Core Concepts
The core message of this article is to propose an efficient algorithm named CAESAR for simultaneously evaluating the performance of multiple target reinforcement learning policies, by computing an approximate optimal offline sampling distribution and using the data sampled from it to estimate the policy values.
Abstract
The article focuses on the problem of multiple-policy evaluation in reinforcement learning, where the goal is to estimate the expected total rewards of a set of K target policies to a given accuracy with high probability.

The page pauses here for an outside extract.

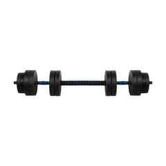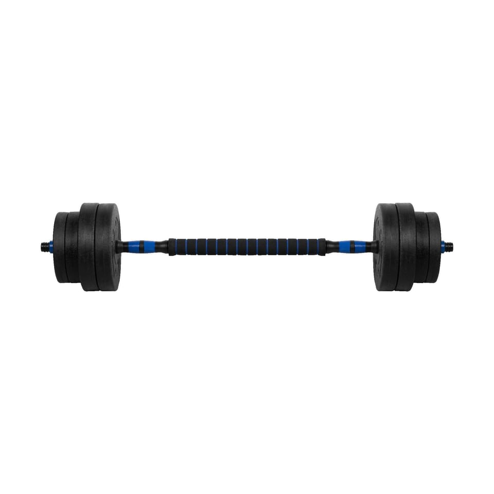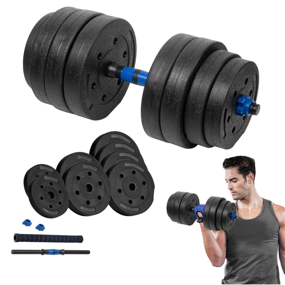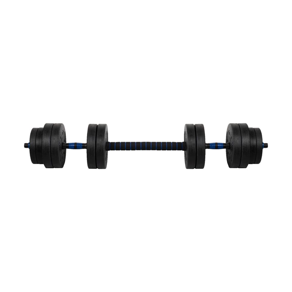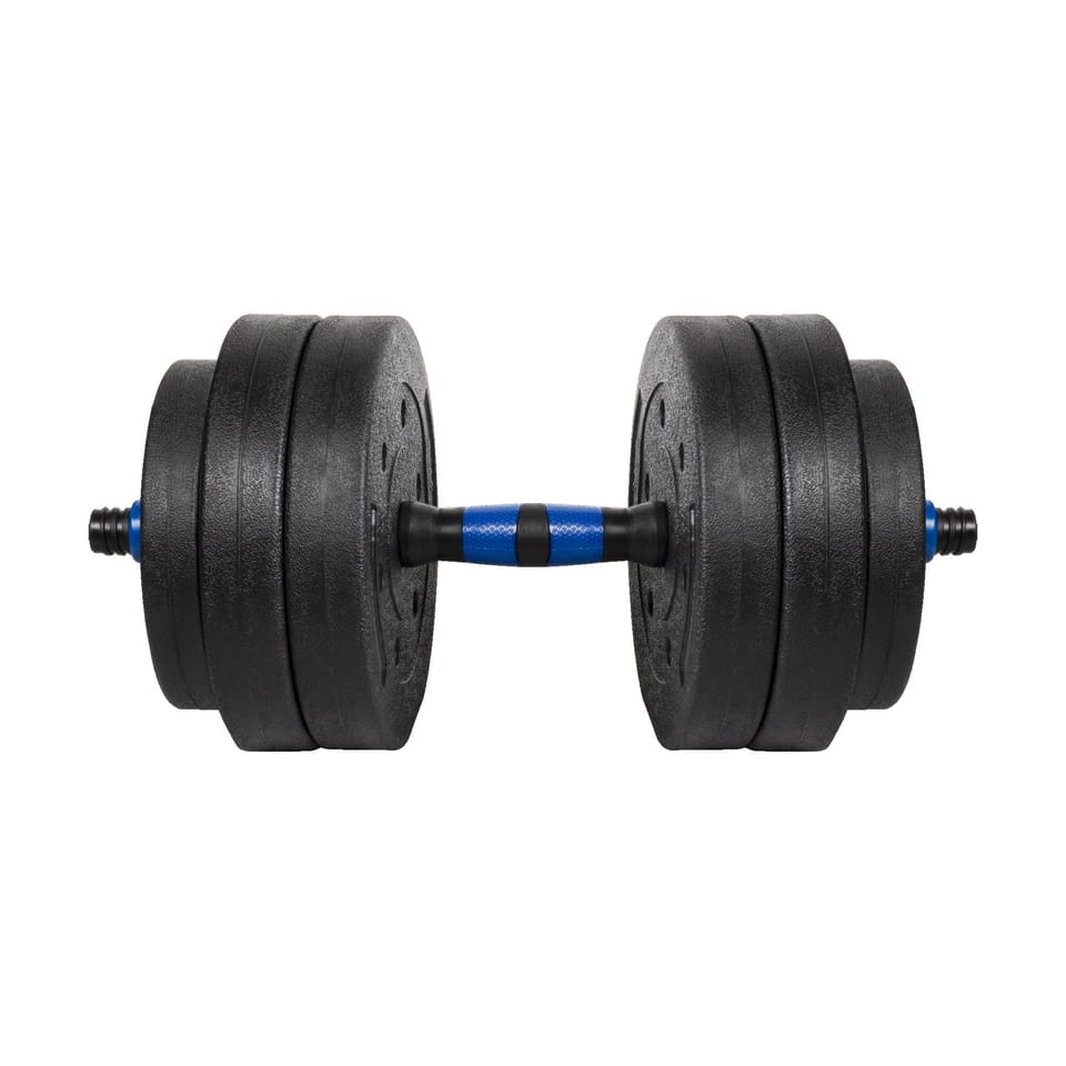 Ilość obciążeń w zestawie: 2x1,25 kg, 2x2,5 kg, 4x3 kgWaga zestawu: 20 kgŚrednica otworu: 28 mmZawartość zestawu: - 2x 1,25 kg (średnica x grubość): 18 cm x 30 mm - 2x 2,5 kg (średnica x grubość): 21,5 cm x 38 mm - 4x 3 kg (średnica x grubość): 22,5 cm x 42 mm - 1x gryf (długość x średnica): 51 cm x 25 mm - 1x łącznik (długość x średnica): 40 cm x 40 mm - 2x nakrętka (średnica): 25 mm

The key highlights and insights are:
The authors propose an algorithm called CAESAR that consists of two main phases:
In the first phase, they produce coarse estimates of the visitation distributions of the target policies at a low order sample complexity rate.
In the second phase, they approximate the optimal offline sampling distribution and compute the importance weighting ratios for all target policies by minimizing a step-wise quadratic loss function.
CAESAR achieves a sample complexity that scales with the maximum squared visitation probabilities of the target policies under the optimal sampling distribution, rather than the maximum visitation probabilities as in previous work. This leads to significant improvements in sample efficiency.
The authors leverage techniques like coarse distribution estimation, optimal sampling distribution computation, and step-wise loss function minimization to derive the non-asymptotic sample complexity guarantees for CAESAR.
CAESAR consistently outperforms the naive uniform sampling strategy over target policies, and in some cases also improves upon the previous state-of-the-art results.
The authors also provide additional results on estimating the importance weighting ratios using a novel step-wise loss function, which may be of independent interest beyond the specific multiple-policy evaluation problem.
Stats
The article does not contain any explicit numerical data or metrics. The key figures are the sample complexity bounds derived for the CAESAR algorithm.